# How do you prove it for a general point inside the earth?

1. May 20, 2007

### Ahmed Abdullah

As we go inside the bulk of the earth our effective weights decrease gradually and eventually turn to a 'nought' as we reach the graviational center of the earth.
It is understandable why there is no weight at the center of the earth. There are equal number of masses in every direction around the center point. So there is no net force toward any direction.

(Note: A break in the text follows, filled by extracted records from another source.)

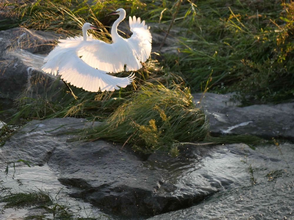 急な流れが分断されて狭くなり水の流れが若干緩まったところが小型のサギさん達にとって狩りのベストポジション。
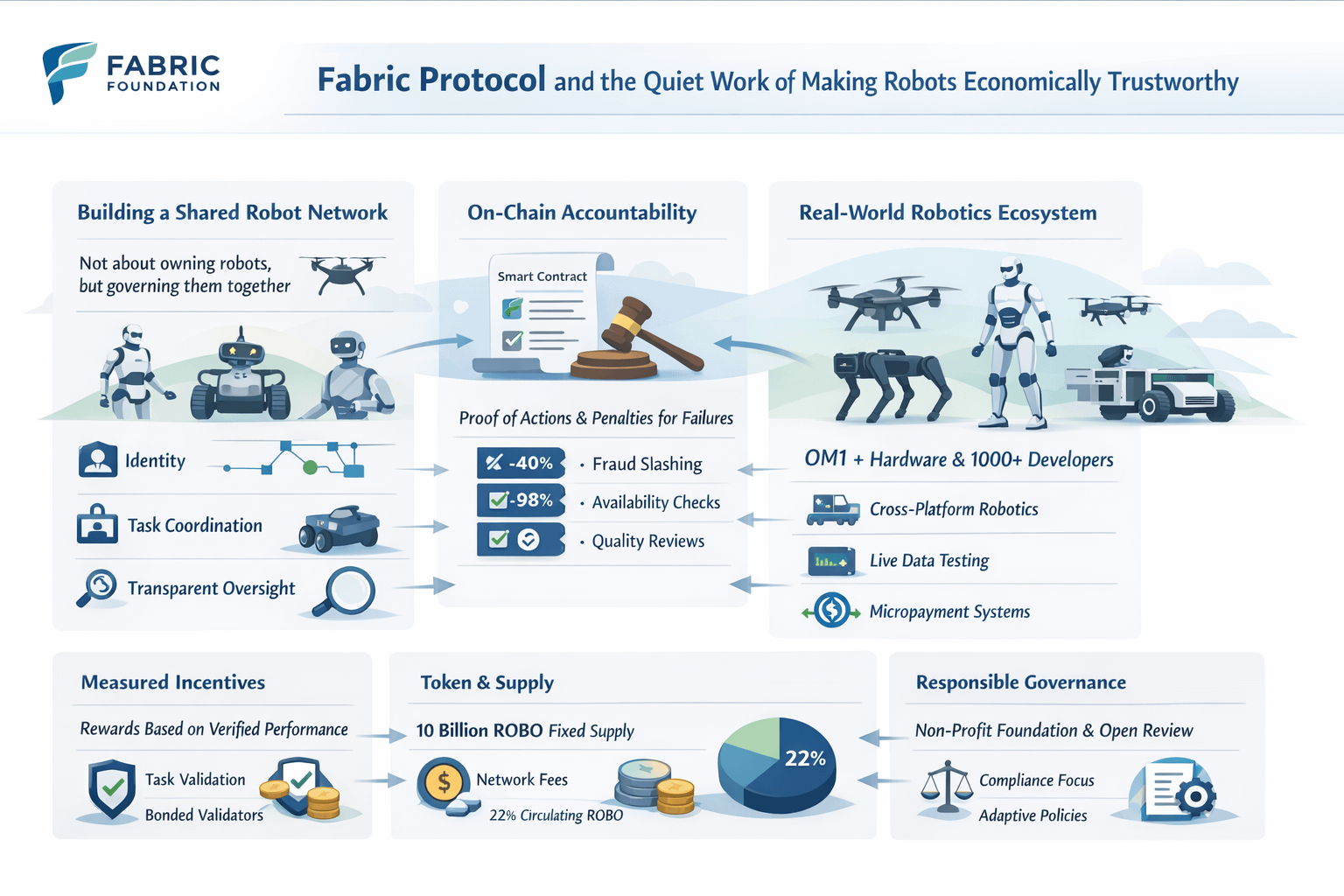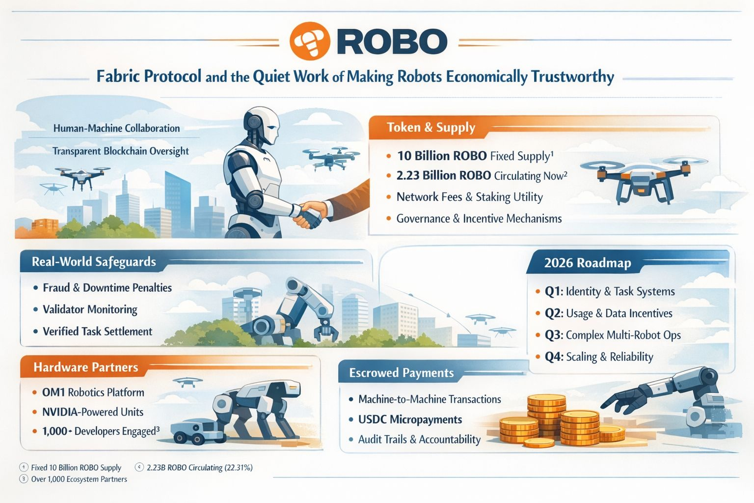 So when I look at Fabric now, with its March updates, its public-market token data, its published supply structure, its early rollout plan, and its growing attempt to connect robotics software with accountable economic rails, I do not see a finished answer. I see a protocol trying to prepare for the moment when robots stop being isolated products and start behaving like participants in a shared economic environment. That is a heavier problem than most people realize. It means dealing with broken sensors, disputed records, opportunistic operators, temporary outages, legal uncertainty, uneven hardware quality, emotional fear from users, and the very human need to know that someone can still say no when the machine gets it wrong. Fabric has not solved all of that. At least Fabric is trying to face those hard questions instead of pretending they do not exist.
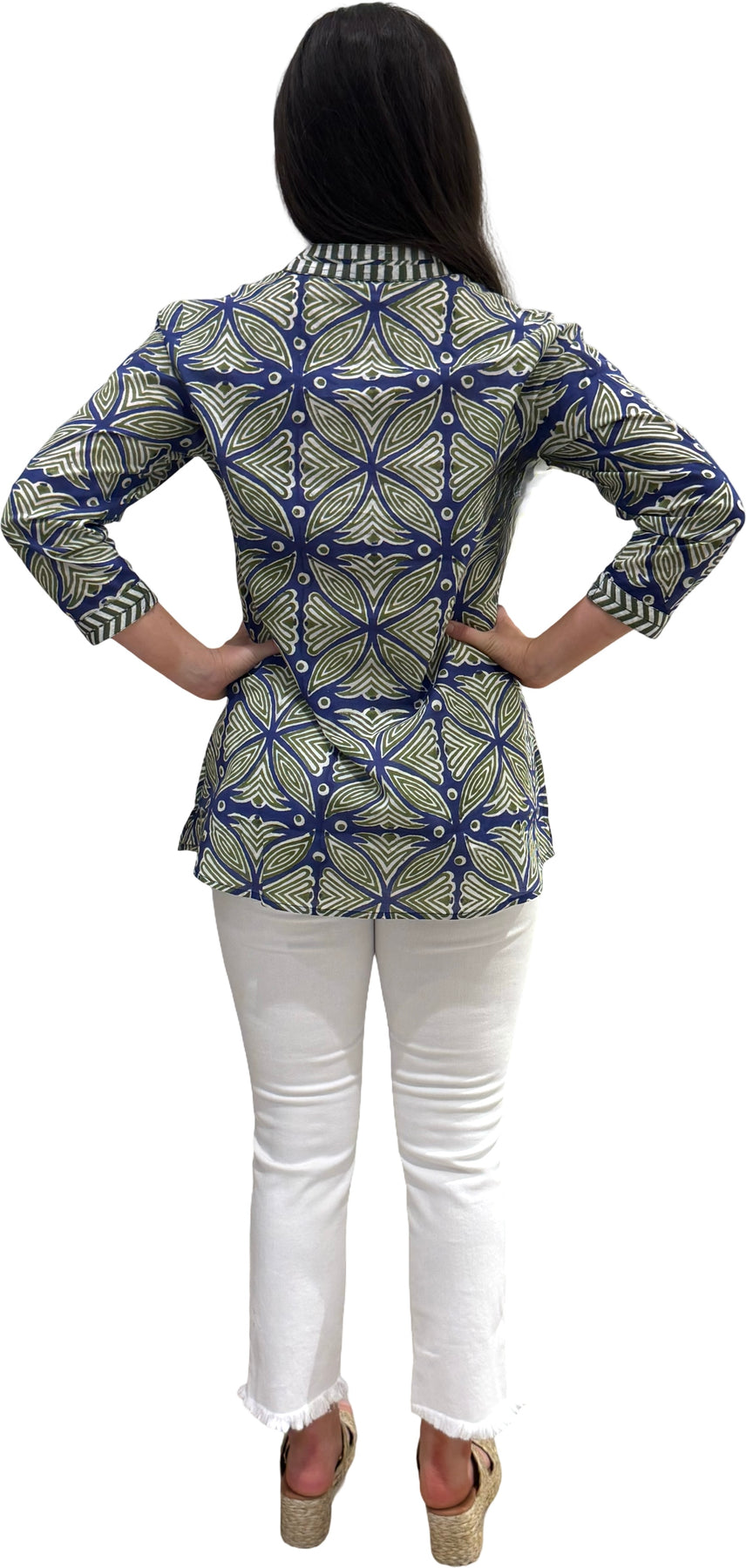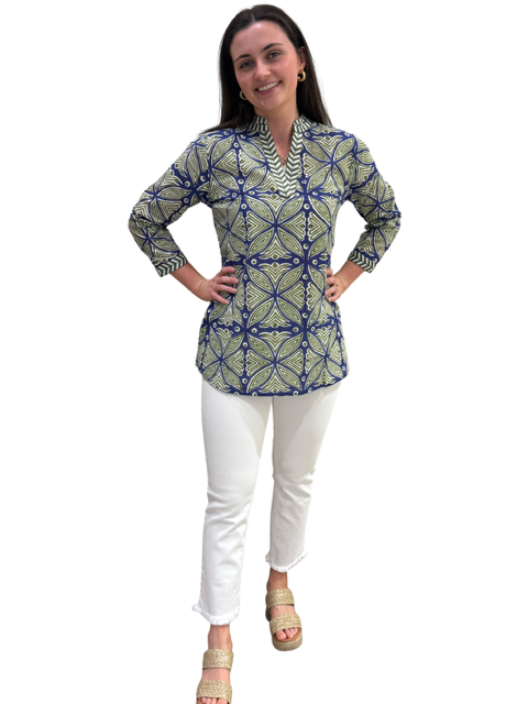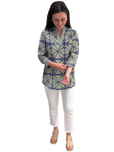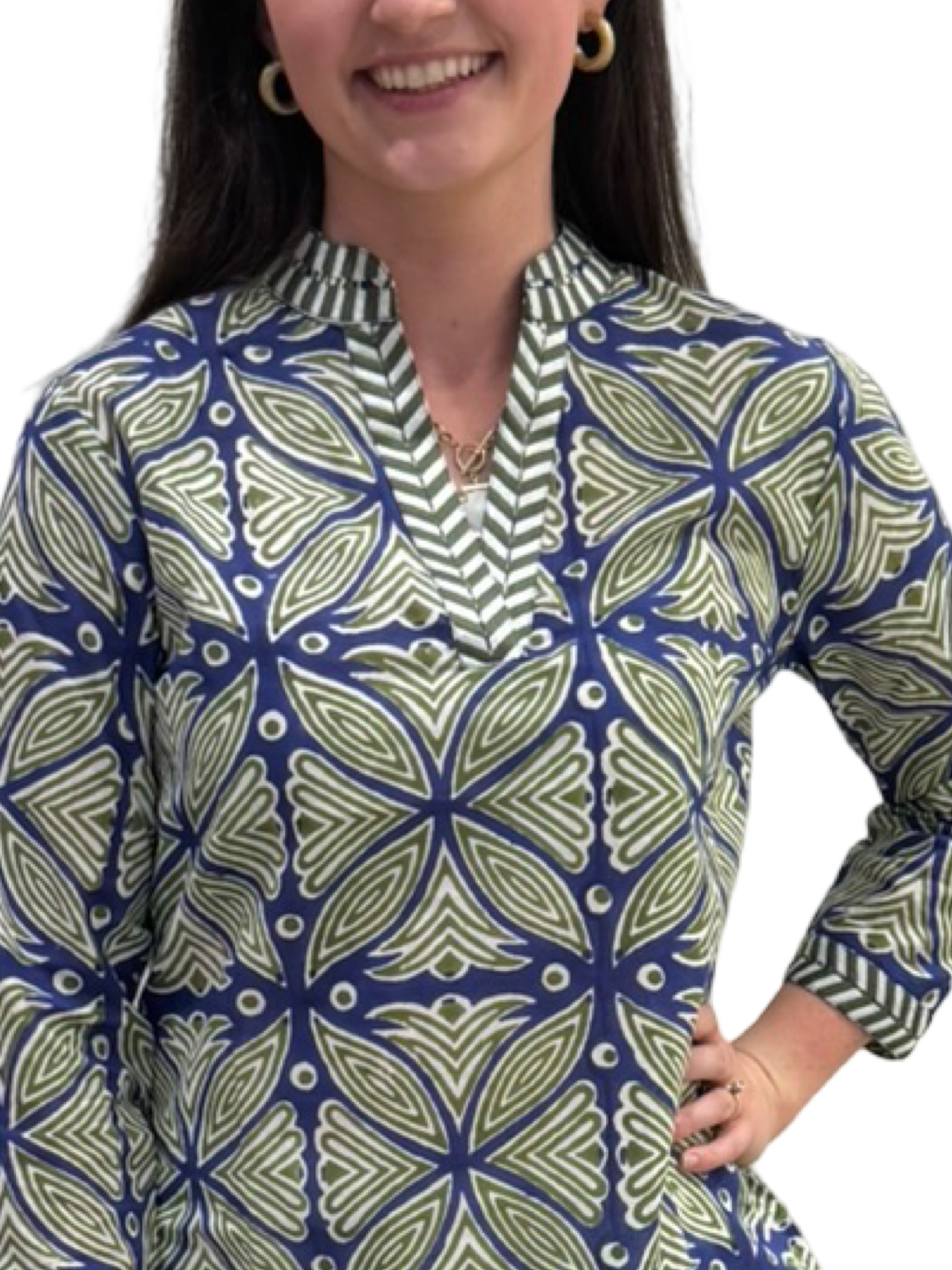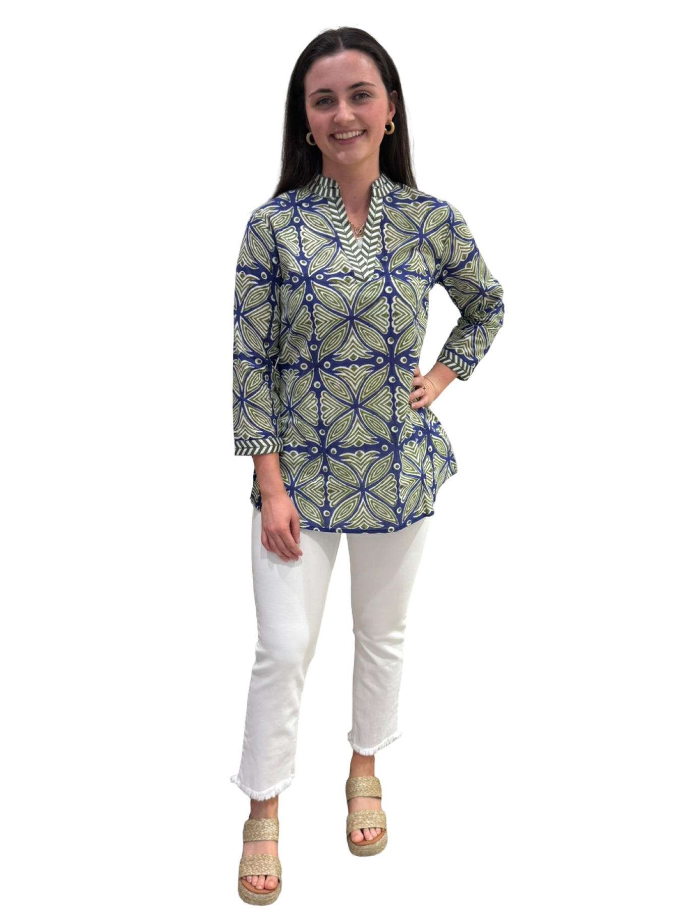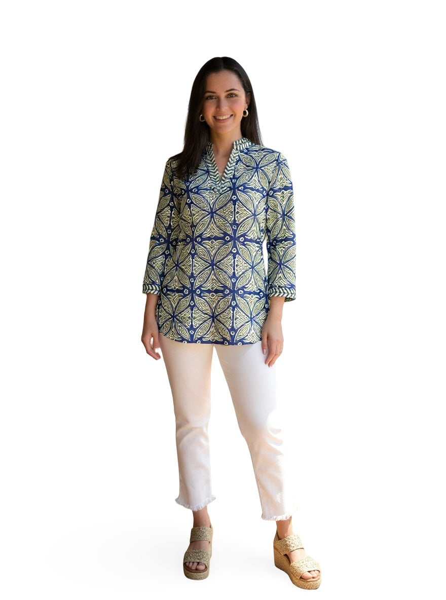 A timeless classic tunic in soft hand blocked floral cotton. A tailored fit with embroidered trim detail. Dress this piece up for a night on the town or make it playful with jeans and your favorite wedges. Hand wash cold line dry. Model is 5’8” wearing a size small.
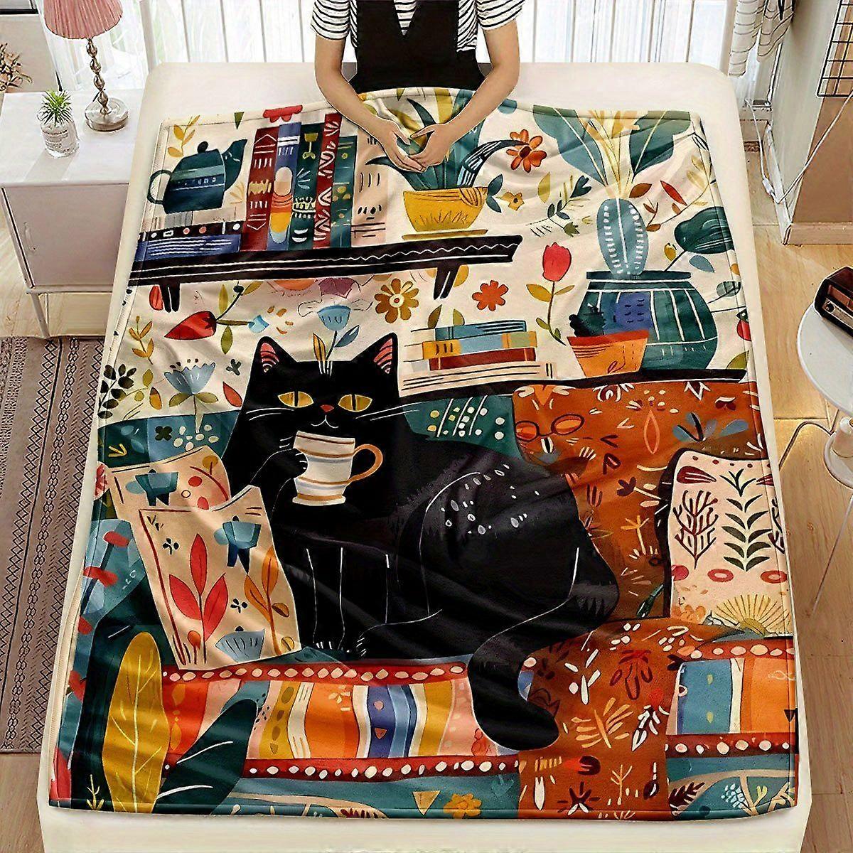 Cozy Black Cat Print Flannel Throw Blanket \u2013 Soft, Versatile, and for Home or Office Decor, Perfect for All Seasons-POKJH278
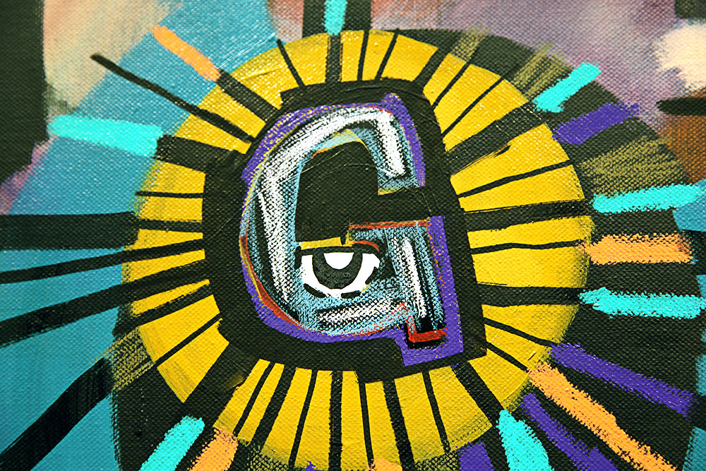 At the top of this is the letter “G” radiating light. This borrows from the masons, who Lebo says uses the symbol to represent God or geometry.
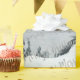 Ein Aquarell gemalt Winterwald bei Dämmerung, mit einem wilden weißen Pferd im Vordergrund, und die Worte, Frohe Weihnachten, in einer silbernen Kalligraphie auf dem Papier geschrieben.
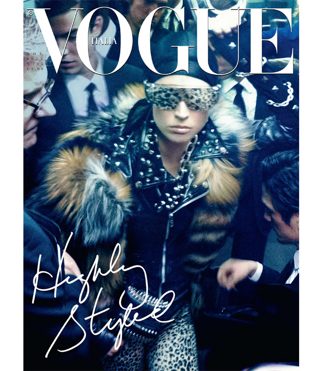 La otra está fotografiada por Steven Meisel y a Raquel Zimmermann como centro. La portada italiana es recargada y abigarrada, muy del estilo de esta revista. Hay una ausencia total de letras que sumarizan los contenidos del interior de la revista y sólo aparece una firma.
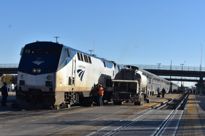 Southwest Chief being refueled at Albuquerque. This was my latest eastbound trip ever. We left at 4:24 PM {11:48 AM} and headed to Lamy.
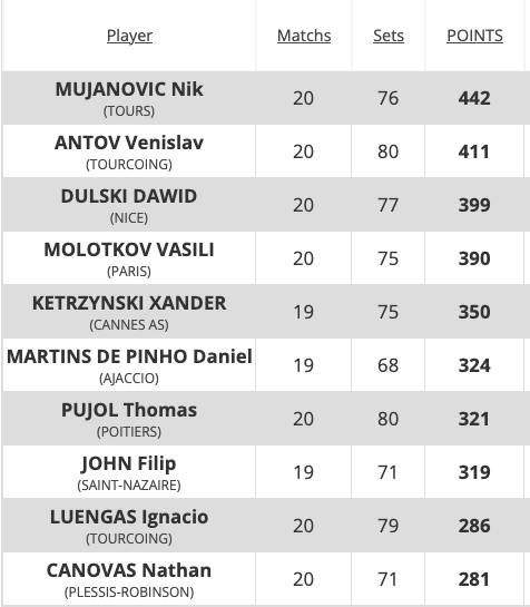 Трети е полякът Давид Дулски от Ница с 399 точки, а реализатор №1 на миналия шампионат на родната efbet Супер Волей Василий Молотков (Пари Волей) е четвърти с 390 точки.
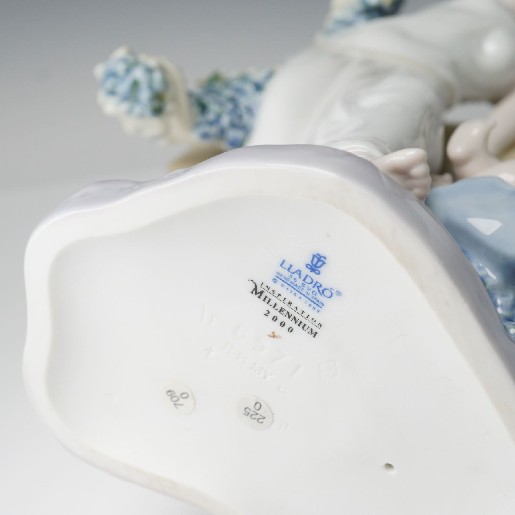 Handcrafted Lladro porcelain sculpture titled Rebirth, model number 6571. Features a graceful woman in a flowing gown standing beside a newborn child cradled within a garland of pastel flowers. Issued in 1999, marked with the special Lladro Millennium 2000 backstamp, and sculpted by Jose Luis Santes.
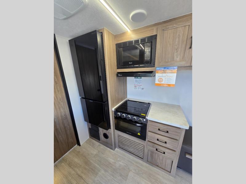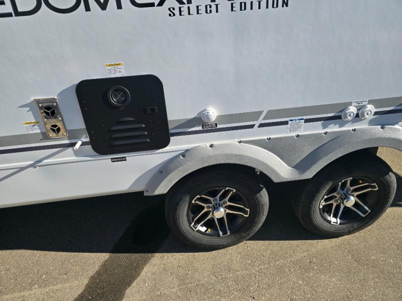 With any Freedom Express Select travel trailer by Coachmen you will find an alumicage construction and two-step vacuum bonded and pinch rolled sidewalls with Azdel interior and exterior for a trailer made to last. These Select value models come standard with a Bluetooth interior speaker, night shades, and wear-resistant vinyl flooring throughout. You will appreciate the power tongue jack, as well as the Dicor Tufflex PVC roof and heated and enclosed underbelly to help with protection and climate control. A GE 15K BTU roof A/C will keep you comfortable, and the suburban tankless water heater will provide endless hot showers!
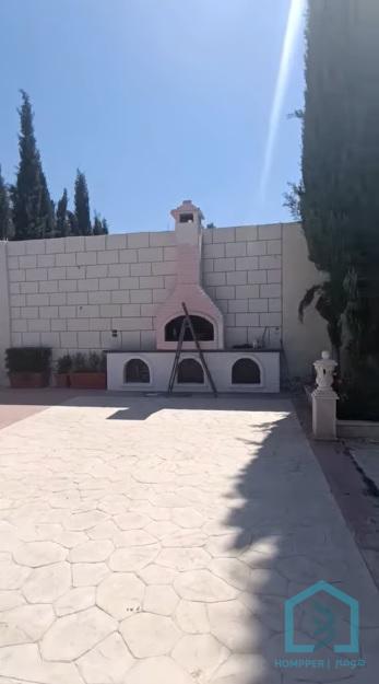 المساحة2250م(دونمين وربع) طابو اخضر البناء300م٢ طابق اول صالون +غرفة نوم +مطبخ أمريكي مفتوح طابق ثاني صالون +٤غرف نون+تراسين+حمامين مسبح جاهز /بير ماء /باربكيو جلسة باربكيو / كراج سيارات مشالح خاصة بالمسبح سكن خاص للحارس
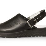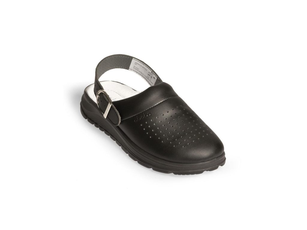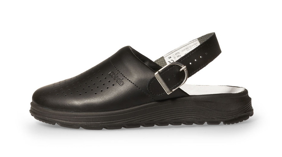 Pracovní pantofle obuv Abeba 87030 mají nastavitelný a překlopný patní pásek, protiskluzovou podešev s certifikátem SRC, která je odolná proti olejům a živočišným tukům, vrchní část obuvi je perforována pro lepší odvětrávání.
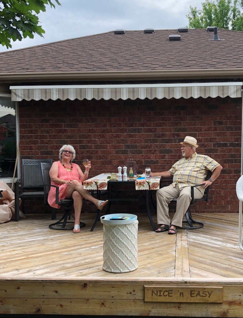 Our plan was to order a high end dinner to take out and dine near the water, but the weather forecast didn’t look promising so we ate on our garden deck.
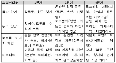 | ▲ 소셜에디터는 SNS 이용자의 기호와 니즈를 파악하는 것을 비롯 단계별 전략을 추진한다. 이 과정에서 뉴스룸의 모든 종사자들이 소셜에디터의 업무를 지원한다. 소셜에디터의 업무가 뉴스룸의 경쟁력과 연결돼 있기 때문이다. | ||

How do you prove it for a general point inside the earth?

2. May 20, 2007

### maverick280857

What is the force per unit mass (the gravitational field strength) inside a sphere of radius R? Outside, it falls off as inverse square, but inside it varies linearly with the radial coordinate...so for r = 0, the field strength is zero too.

3. May 20, 2007

### Ahmed Abdullah

Can you explain why?

4. May 20, 2007

### Ahmed Abdullah

I read somewhere that this is related with Gauss' Theorem. Gauss' Theorem is out of my scope. Can it be explained reasonablely without Gauss' Theorem?

5. May 20, 2007

### neu

The reasonable explanation is what you said. The quantative explanation is Gauss' Theorum

6. May 20, 2007

### Ahmed Abdullah

Can't it be explained in simple way? Gauss' theorem is something I haven't learned before, so I am trying to avoid it. But if it is simple enough then please state the essense of Gauss' theorem in basic terms. I am an O level student.

7. May 20, 2007

### Staff: Mentor

Last edited by a moderator: Apr 22, 2017
8. May 20, 2007

### Ahmed Abdullah

9. May 20, 2007

### DaveC426913

A refination:

(1a) The gravitational field anywhere inside a uniform spherical shell (i.e. hollow) of mass is zero.

(1b) The gravitational field anywhere inside a uniform solid sphere is equivalent to standing on a sphere of that (smaller) radius (i.e If one were 100km from the centre of the Earth, one would experience a gravitational pull as if one were standing at the surface of a sphere only 100km in radius - all mass outside 100km is exactly equivalent to a hollow sphere as in 1a, and thus contributes zero.)

(3) The gravitational field anywhere outside a uniform spherical shell of mass is as if the shell's mass were concentrated at the center.

I think it's actually (1b) that the poster is looking for.

Last edited: May 20, 2007
10. May 20, 2007

### Staff: Mentor

Your 1b follows immediately from Newton's shell theorems (my 1 and 2).